▶ Exercise objective: Repeat, word for word and with nothing added, each line from the one containing "Today I wear" to the final line of the data, keeping both ends. Pictures are not part of the copy.

▶ Raw data:
◆ ◆ ◆ ◆ ◆ ◆ ◆

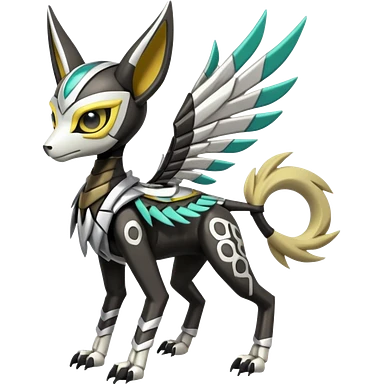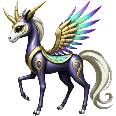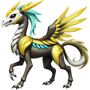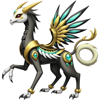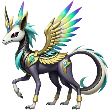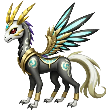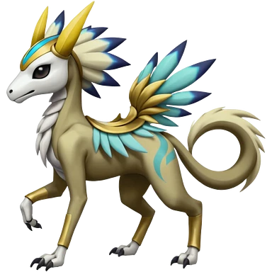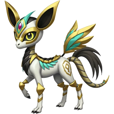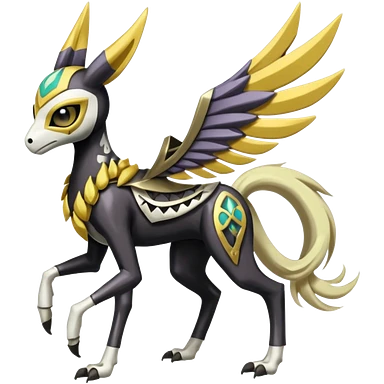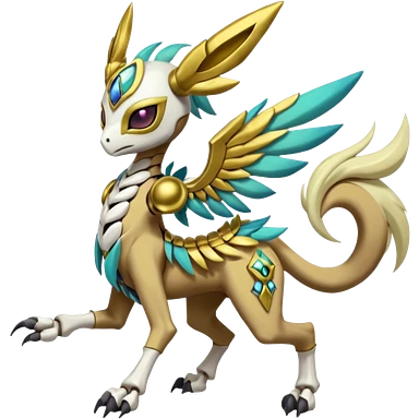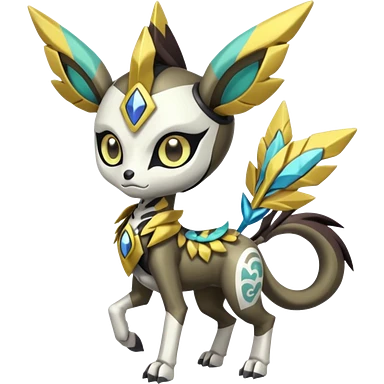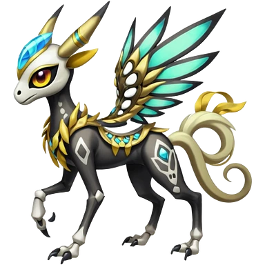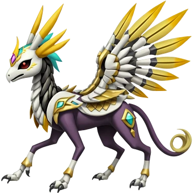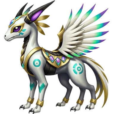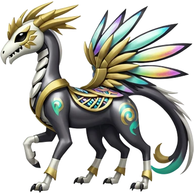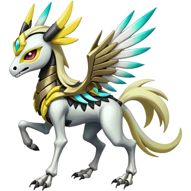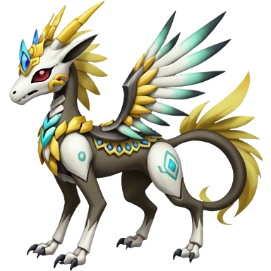 Colorful Royal Glittery Elegant Divergent Divine Gracious Beuatiful Shiny Tribal Skeletal masked armored Meloetta-Silvally-Solgaleo-Raikou-Pokémon-Digimon-Fakémon-fusion-hybrid-creature, full body emoji
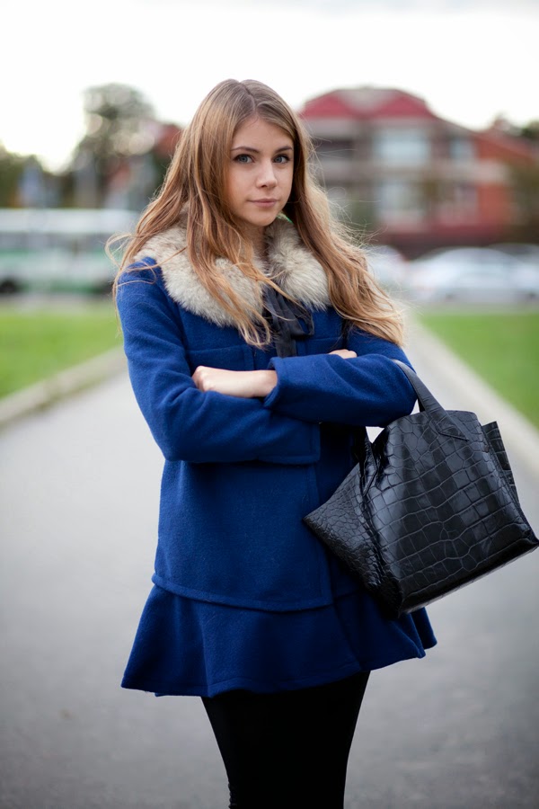 Today I wear one of my favorite coats lately. I wear it with jeans, oxford boots or heels. It's so lovely, again blue as almost all the clothes which I buy this fall, it goes well with all kinds of scarves, shawls and my favourite fur boas!
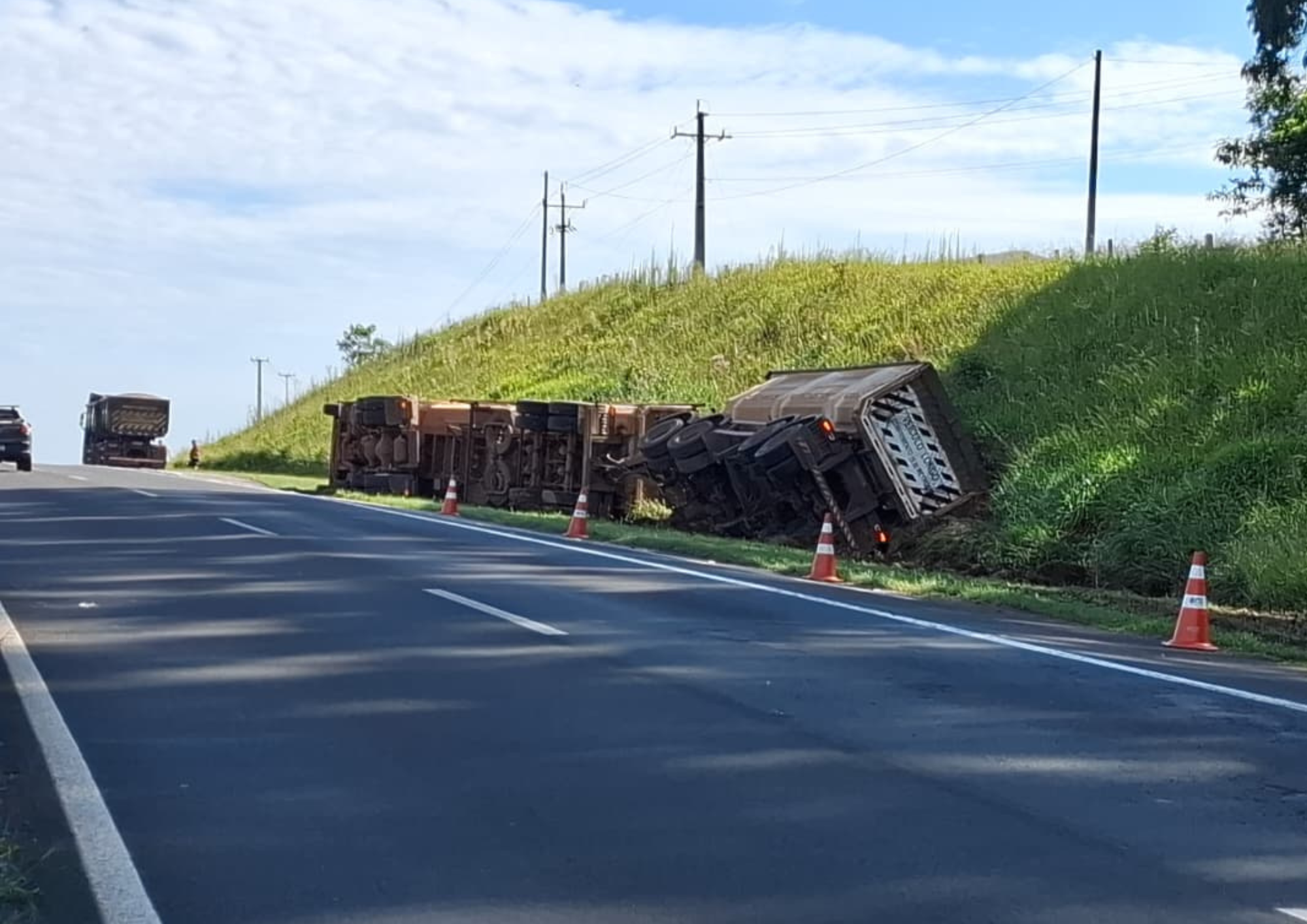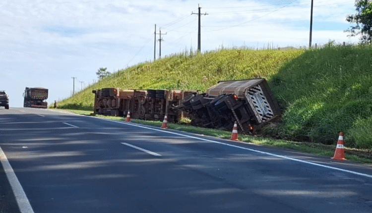 A ocorrência foi atendida até as 11h e resultou apenas em danos materiais. Segundo a Polícia Rodoviária, os veículos estavam com a documentação regular e foram liberados no local para o motorista. As causas do tombamento não foram informadas.

◆ ◆ ◆ ◆ ◆ ◆ ◆

▶ Task answer:
 Today I wear one of my favorite coats lately. I wear it with jeans, oxford boots or heels. It's so lovely, again blue as almost all the clothes which I buy this fall, it goes well with all kinds of scarves, shawls and my favourite fur boas!
 A ocorrência foi atendida até as 11h e resultou apenas em danos materiais. Segundo a Polícia Rodoviária, os veículos estavam com a documentação regular e foram liberados no local para o motorista. As causas do tombamento não foram informadas.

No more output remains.